When Sliding Is the Right Call
A swinging door needs clear floor space to open. In a typical Tri-Cities hall bath — toilet, vanity, and tub packed into 5×8 feet — that clearance often doesn’t exist. Sliding (bypass) doors solve it: two or three glass panels glide past each other on track, so nothing swings into the room and both ends of the tub or shower stay accessible.
Two Styles, Two Personalities
- Classic bypass: panels ride in a framed top-and-bottom track. Affordable, sealed, and proven — the standard for tub-shower combos. See our bathtub door page for tub-specific details.

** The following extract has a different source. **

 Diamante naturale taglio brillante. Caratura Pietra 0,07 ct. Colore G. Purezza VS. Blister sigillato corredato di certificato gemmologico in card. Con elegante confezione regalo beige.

- Barn-style / rolling frameless: thick 3/8″ glass panels hang from exposed rollers on a sleek top bar, with no bottom track to clean around. This is the slider that belongs in a remodeled master — especially popular in newer Richland and West Richland homes with wide, curbed showers.
Fit and Function Details We Get Right
Sliders live or die on their track. We set tracks dead level so panels don’t drift open, seal the bottom rail so water can’t creep under it, and spec smooth-rolling hardware that won’t derail. On barn-style units we confirm wall backing can carry the header bar load — a step skipped in plenty of DIY installs, and the reason we get called to replace them.
Cost in the Tri-Cities
Framed bypass doors typically run $450–$1,000 installed; frameless barn-style sliders run $1,100–$2,200 depending on glass and hardware. Both benefit from our hard-water protective coating — more glass area means more surface for Columbia Basin minerals to attack.

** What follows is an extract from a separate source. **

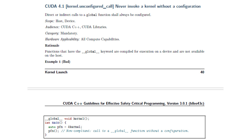 With the recent publication of NVIDIA's CUDA C++ Guidelines for Safety-Critical Programming, an official set of coding guidelines covering CUDA development has become available. With the guiding principle of safety and security engineering being “if it is available, you have to apply it”, not only new but existing projects will be best served by implementing these rules in their code bases to meet safety and security mandates.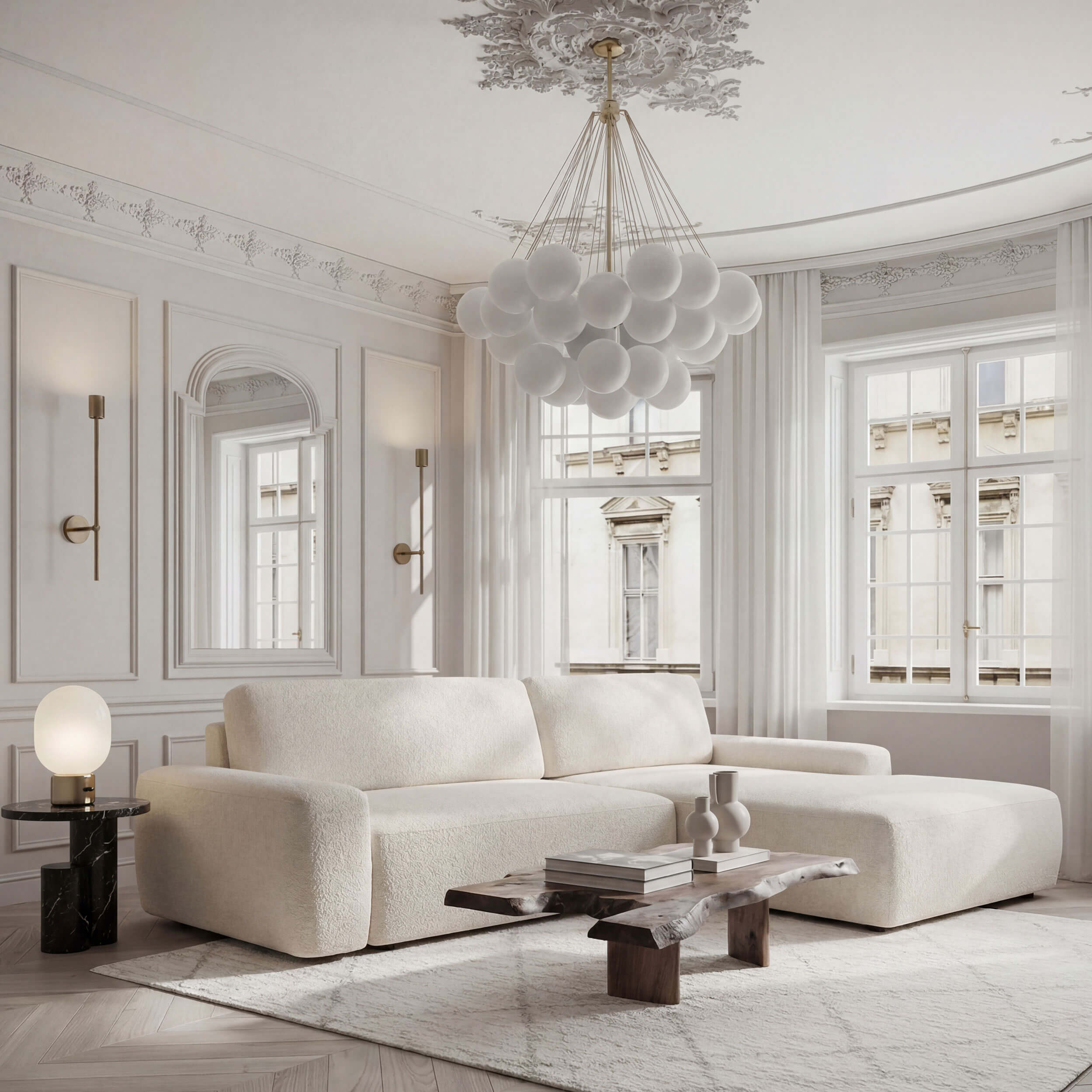 Nowoczesny narożnik w obłym kształcie BOULI prezentuje się nieziemsko – wyczaruje przytulny klimat w każdym miejscu, bowiem jego miękkość naprawdę zachęca do wypoczynku. Przytulny, zaokrąglony kształt dodaje uroku, a pokrycie aksamitną tkaniną zwiększa komfort. Siedzisko wypełnione jest pianką PUR i sprężyną falistą, co sprawia, że jest odporny na odkształcenia i wgniecenia. Możliwość rozłożenia siedziska pozwoli na szybką transformację narożnika w wygodne łóżko, a wbudowany schowek pomieści niezbędne pościele, koce czy poduszki. Rozkładanie ułatwia oczywiście zamontowany system smart, a o stabilność dba konstrukcja z drewna i płyt wiórowych.

Frequently Asked Questions
Do sliding shower doors work on any tub?
Nearly all standard 60-inch tubs accept a bypass door. We measure wall-to-wall at three heights, because tub surrounds are often narrower at the top than at the rail.
What's a barn-style shower door?
A frameless sliding door where a thick glass panel hangs from exposed rollers on a top-mounted bar — no bottom track. It combines the space-saving of a slider with the open look of frameless glass.

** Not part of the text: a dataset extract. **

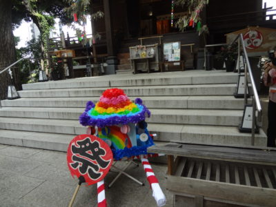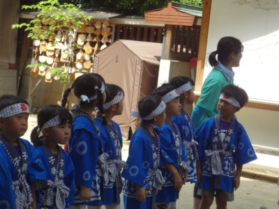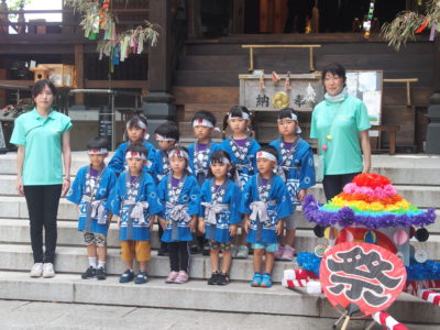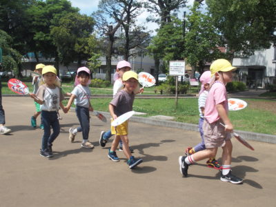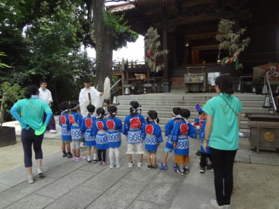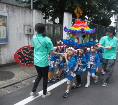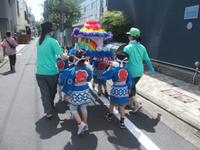 その後ろをきりん組、ぱんだ組さんも手作りのうちわを持ちながら応援して一緒に戸越八幡神社まで行きました!

Are bottom tracks hard to keep clean?
Traditional tracks need an occasional rinse and wipe. If that bothers you, barn-style sliders eliminate the bottom track entirely; a low-profile guide is all that touches the curb.
Can sliding panels come off the track?
Cheap hardware can derail; quality roller systems we install are captive and stay put. If you have an older slider that jumps its track, replacement hardware or a new unit is usually a same-week fix.